- _Task goal_
Exactly the lines below, starting with the one containing "Радость воскресенье котенок" and going on through the one containing "급식정보, 학사일정, 학생현황, 방과후학교", must be reproduced, both ends included, and no pictures with them.

- _Data shown_

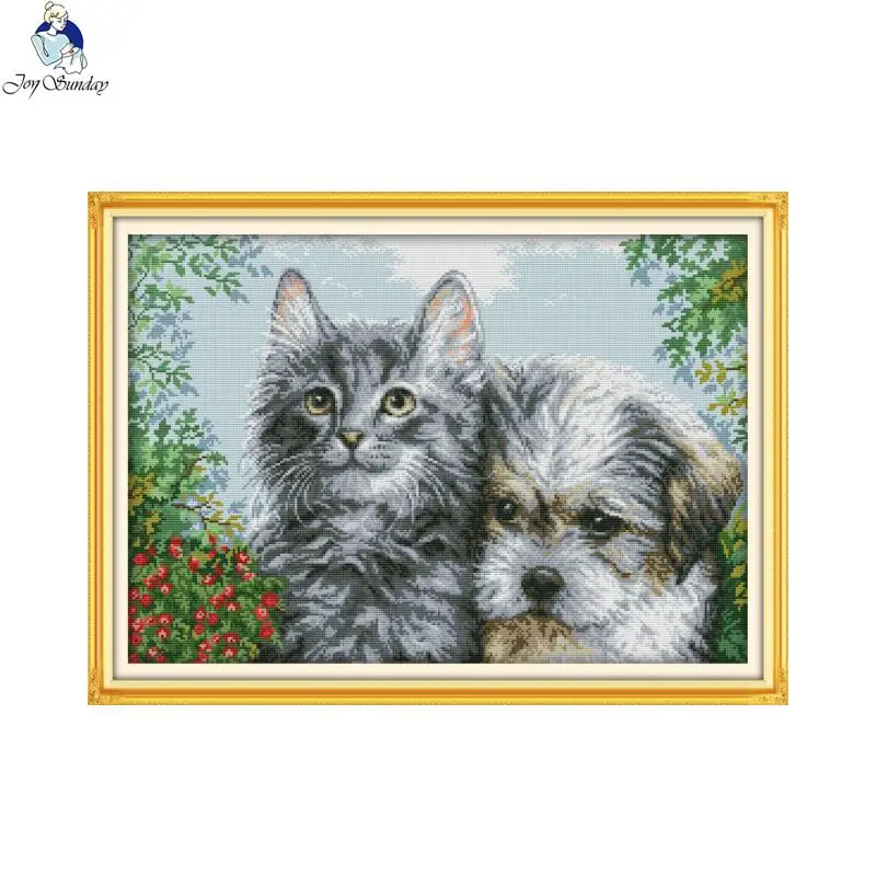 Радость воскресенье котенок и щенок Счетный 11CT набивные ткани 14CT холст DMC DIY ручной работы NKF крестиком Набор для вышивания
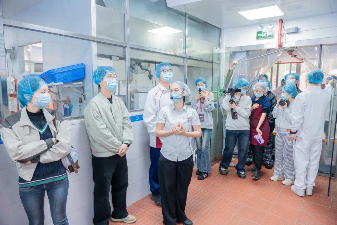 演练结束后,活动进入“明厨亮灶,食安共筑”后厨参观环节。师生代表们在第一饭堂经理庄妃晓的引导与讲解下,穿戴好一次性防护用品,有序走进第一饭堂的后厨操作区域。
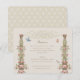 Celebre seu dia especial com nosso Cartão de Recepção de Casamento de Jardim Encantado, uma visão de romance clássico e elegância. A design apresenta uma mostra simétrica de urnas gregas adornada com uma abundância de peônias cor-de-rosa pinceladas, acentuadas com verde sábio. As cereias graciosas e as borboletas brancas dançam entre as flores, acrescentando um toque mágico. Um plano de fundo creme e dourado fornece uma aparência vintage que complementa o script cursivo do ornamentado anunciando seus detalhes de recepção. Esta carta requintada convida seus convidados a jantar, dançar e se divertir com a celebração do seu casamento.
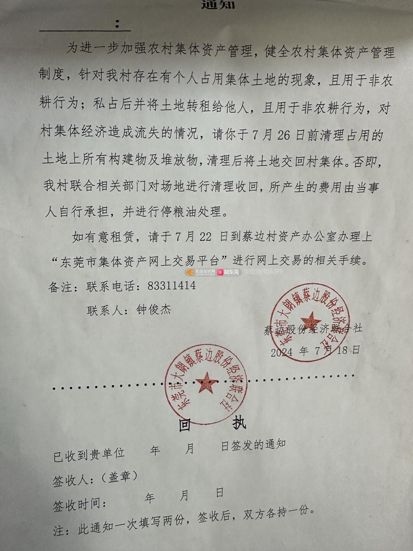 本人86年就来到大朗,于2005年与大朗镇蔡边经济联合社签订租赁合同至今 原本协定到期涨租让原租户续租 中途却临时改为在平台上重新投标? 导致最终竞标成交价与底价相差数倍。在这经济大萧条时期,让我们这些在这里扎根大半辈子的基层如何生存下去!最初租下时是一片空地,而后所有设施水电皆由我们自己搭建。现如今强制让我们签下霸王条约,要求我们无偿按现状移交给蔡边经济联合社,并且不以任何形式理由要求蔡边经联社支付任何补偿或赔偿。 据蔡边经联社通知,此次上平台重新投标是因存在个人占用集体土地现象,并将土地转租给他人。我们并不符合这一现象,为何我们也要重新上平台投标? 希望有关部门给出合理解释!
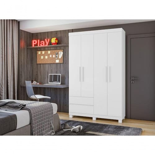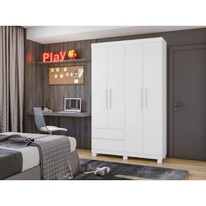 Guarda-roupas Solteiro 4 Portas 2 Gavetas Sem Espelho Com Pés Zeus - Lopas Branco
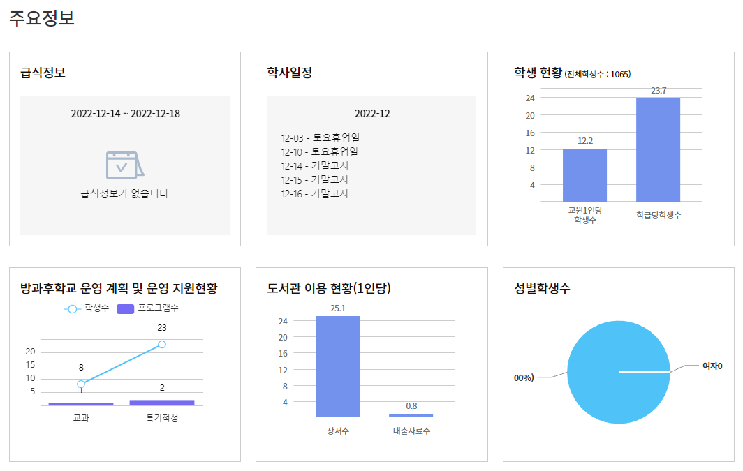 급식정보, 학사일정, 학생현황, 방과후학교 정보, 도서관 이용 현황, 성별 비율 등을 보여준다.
==
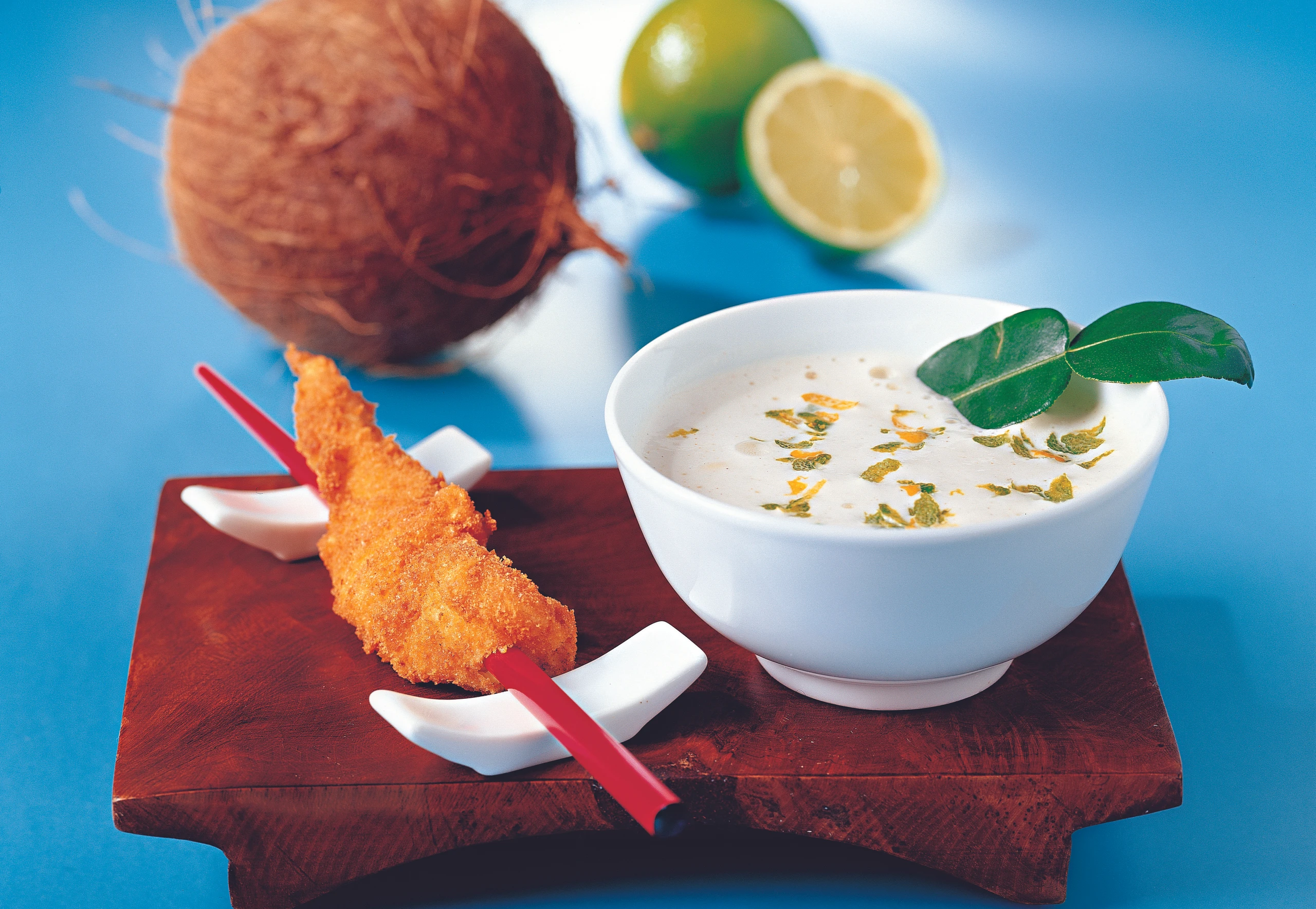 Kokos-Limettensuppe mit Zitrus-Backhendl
...
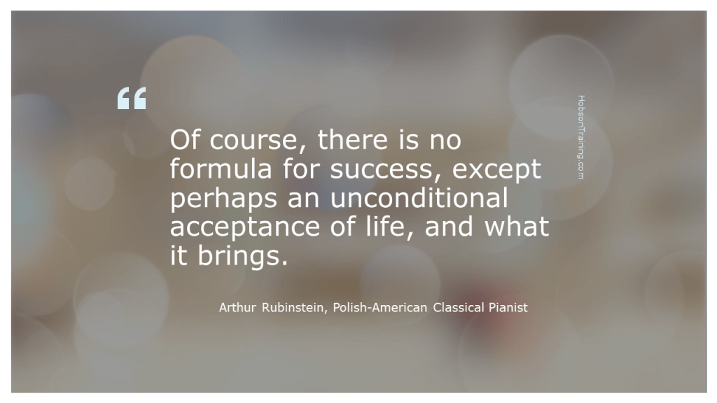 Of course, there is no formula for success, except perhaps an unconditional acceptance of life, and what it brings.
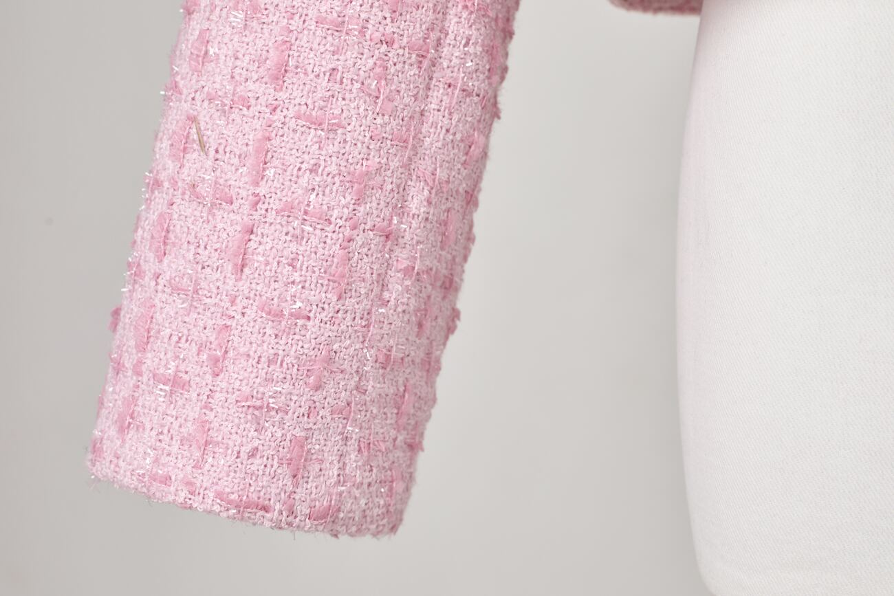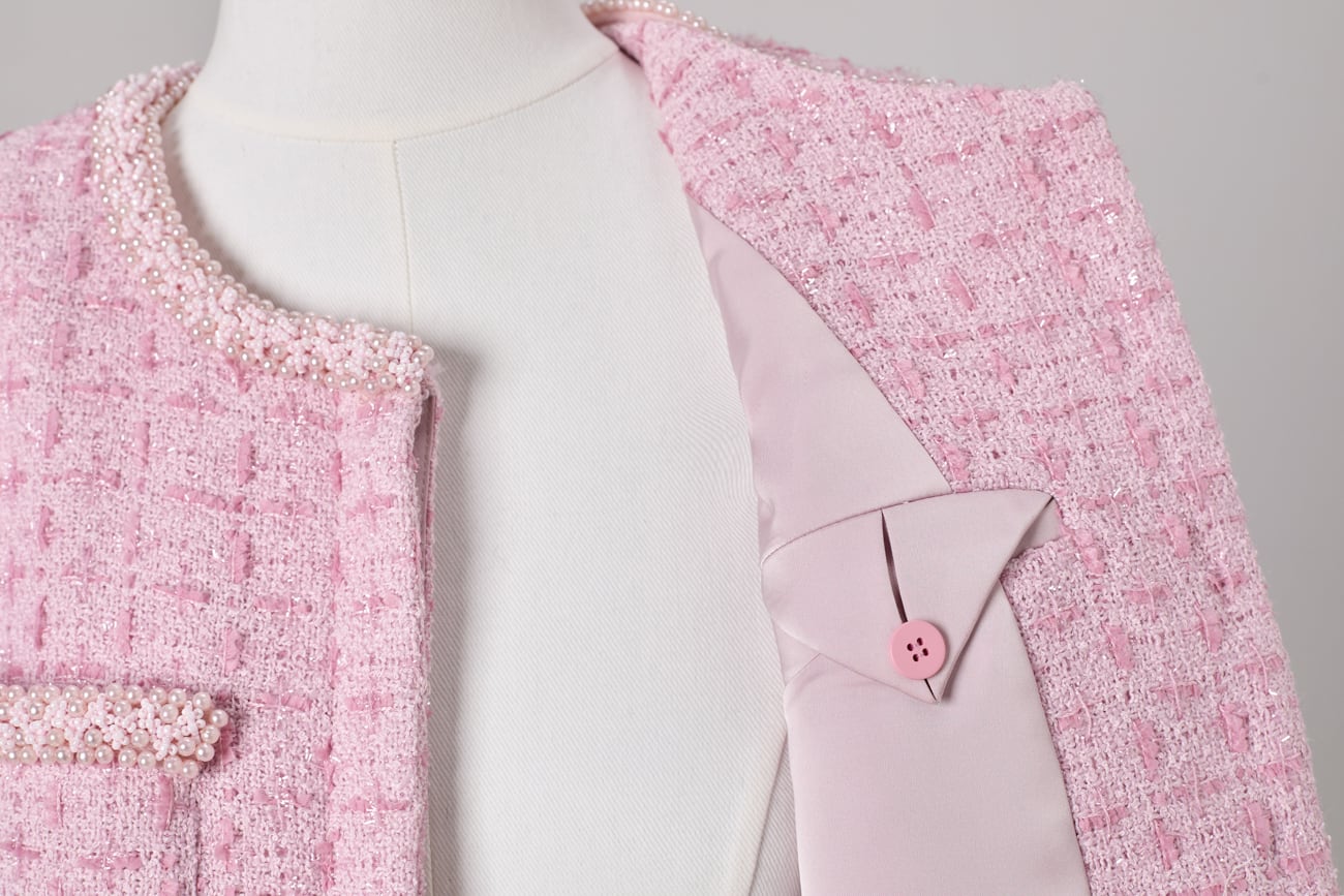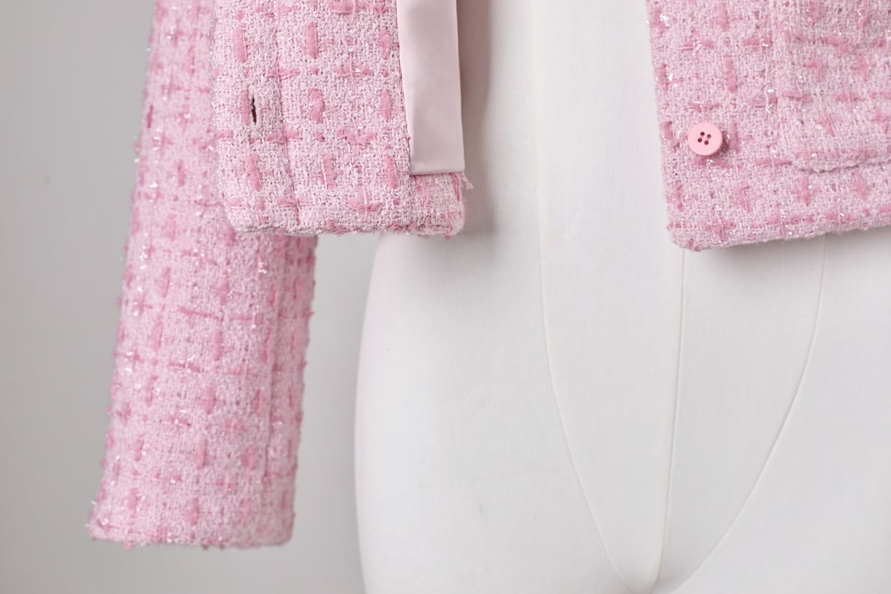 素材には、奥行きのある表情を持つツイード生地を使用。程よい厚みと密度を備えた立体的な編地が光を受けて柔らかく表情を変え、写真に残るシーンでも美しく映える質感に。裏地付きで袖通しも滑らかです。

- _Output for this task_
 Радость воскресенье котенок и щенок Счетный 11CT набивные ткани 14CT холст DMC DIY ручной работы NKF крестиком Набор для вышивания
 演练结束后,活动进入“明厨亮灶,食安共筑”后厨参观环节。师生代表们在第一饭堂经理庄妃晓的引导与讲解下,穿戴好一次性防护用品,有序走进第一饭堂的后厨操作区域。
 Celebre seu dia especial com nosso Cartão de Recepção de Casamento de Jardim Encantado, uma visão de romance clássico e elegância. A design apresenta uma mostra simétrica de urnas gregas adornada com uma abundância de peônias cor-de-rosa pinceladas, acentuadas com verde sábio. As cereias graciosas e as borboletas brancas dançam entre as flores, acrescentando um toque mágico. Um plano de fundo creme e dourado fornece uma aparência vintage que complementa o script cursivo do ornamentado anunciando seus detalhes de recepção. Esta carta requintada convida seus convidados a jantar, dançar e se divertir com a celebração do seu casamento.
 本人86年就来到大朗,于2005年与大朗镇蔡边经济联合社签订租赁合同至今 原本协定到期涨租让原租户续租 中途却临时改为在平台上重新投标? 导致最终竞标成交价与底价相差数倍。在这经济大萧条时期,让我们这些在这里扎根大半辈子的基层如何生存下去!最初租下时是一片空地,而后所有设施水电皆由我们自己搭建。现如今强制让我们签下霸王条约,要求我们无偿按现状移交给蔡边经济联合社,并且不以任何形式理由要求蔡边经联社支付任何补偿或赔偿。 据蔡边经联社通知,此次上平台重新投标是因存在个人占用集体土地现象,并将土地转租给他人。我们并不符合这一现象,为何我们也要重新上平台投标? 希望有关部门给出合理解释!
 Guarda-roupas Solteiro 4 Portas 2 Gavetas Sem Espelho Com Pés Zeus - Lopas Branco
 급식정보, 학사일정, 학생현황, 방과후학교 정보, 도서관 이용 현황, 성별 비율 등을 보여준다.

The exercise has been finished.